Extracted data entries

┏━━

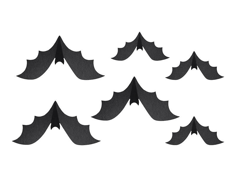 • Dekoracja papierowa Nietoperze w kolorze czarnym. Zestaw zawiera 6 sztuk. Wymiary ok. 19 x 8.7 - 29 x 13 cm. Cena za opakowanie.
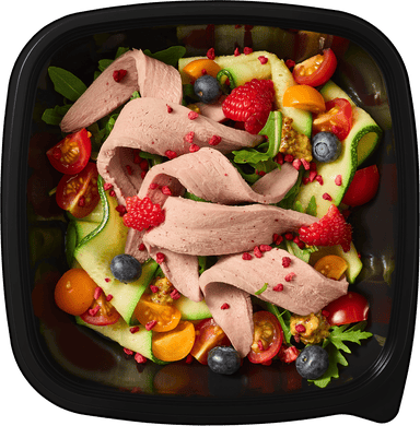 Изысканный салат в духе современной европейской кухни. Нежная утиная грудка, запечённые цуккини и свежие лесные ягоды создают гармоничный баланс сладости, пряностей и белка. Полезный и эстетичный вариант для лёгкого перекуса.
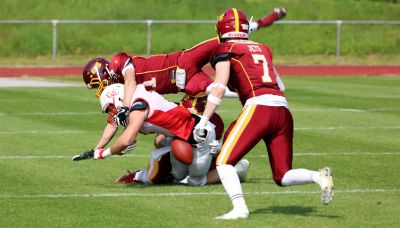 Dann ließen auch die Gäste ihr Können aufblitzen und bewegten den Ball unaufhörlich in Richtung Jets-Endzone. Tobias Goldmann schnappte sich einen Pass von Quarterback Thomas Iking zum 7:10 (PAT Kevin Bacher). Reichlich Unterstützung bekamen die Devils dabei von den Troisdorfern selbst, die Strafen über Strafen produzierten.
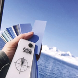 Hon hade med sig NCS-block med över tusen färgprover som stöd för att hitta fram till rätt kulörer. Till exempel kunde hon jämföra färgprover i blåturkosa nyanser för att undersöka havsvattnets färgskala.
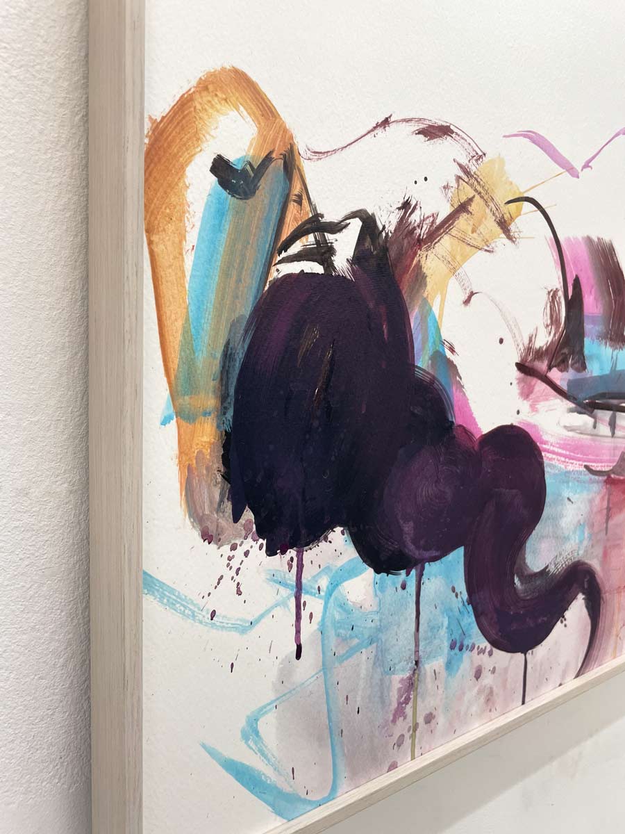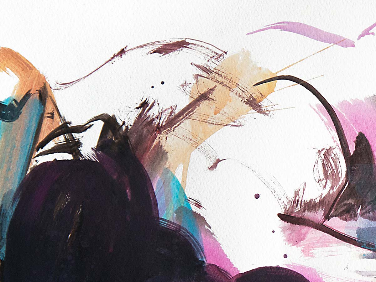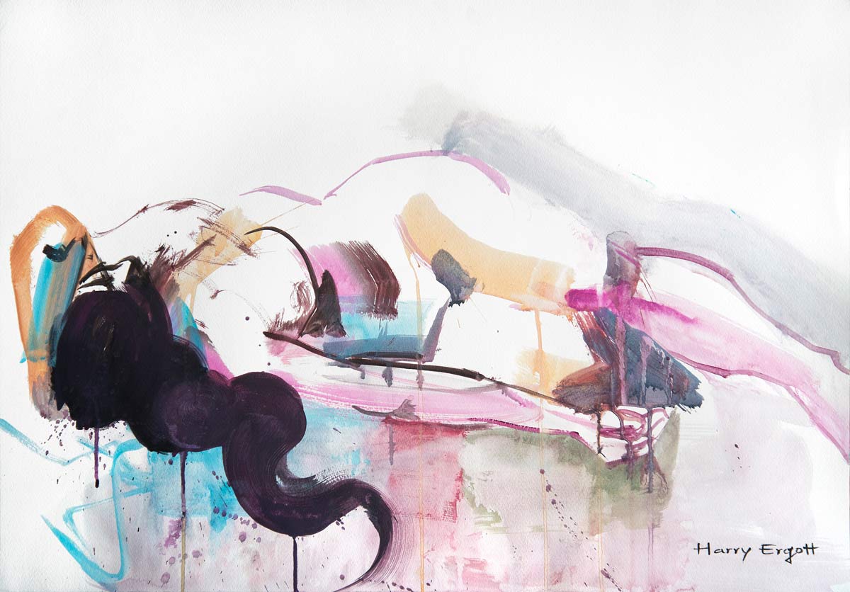 In Sweet Dreams verwischt Harry Ergott auf eindrucksvolle Weise die Grenzen zwischen Abstraktion und Figuration. Die liegende Aktfigur entsteht durch kraftvolle, expressive Pinselstriche und leuchtende Farben – tiefe Purpurtöne, elektrisches Blau, zarte Rosatöne und erdige Akzente. Die Figur scheint sich im Bildraum aufzulösen, als befände sie sich in einem Schwebezustand zwischen Traum und Wirklichkeit.

┗━━

Using the records above, return verbatim only the part that opens with the line containing "Изысканный салат в" and closes with the line containing "Dann ließen auch"; pictures stay out.

 Изысканный салат в духе современной европейской кухни. Нежная утиная грудка, запечённые цуккини и свежие лесные ягоды создают гармоничный баланс сладости, пряностей и белка. Полезный и эстетичный вариант для лёгкого перекуса.
 Dann ließen auch die Gäste ihr Können aufblitzen und bewegten den Ball unaufhörlich in Richtung Jets-Endzone. Tobias Goldmann schnappte sich einen Pass von Quarterback Thomas Iking zum 7:10 (PAT Kevin Bacher). Reichlich Unterstützung bekamen die Devils dabei von den Troisdorfern selbst, die Strafen über Strafen produzierten.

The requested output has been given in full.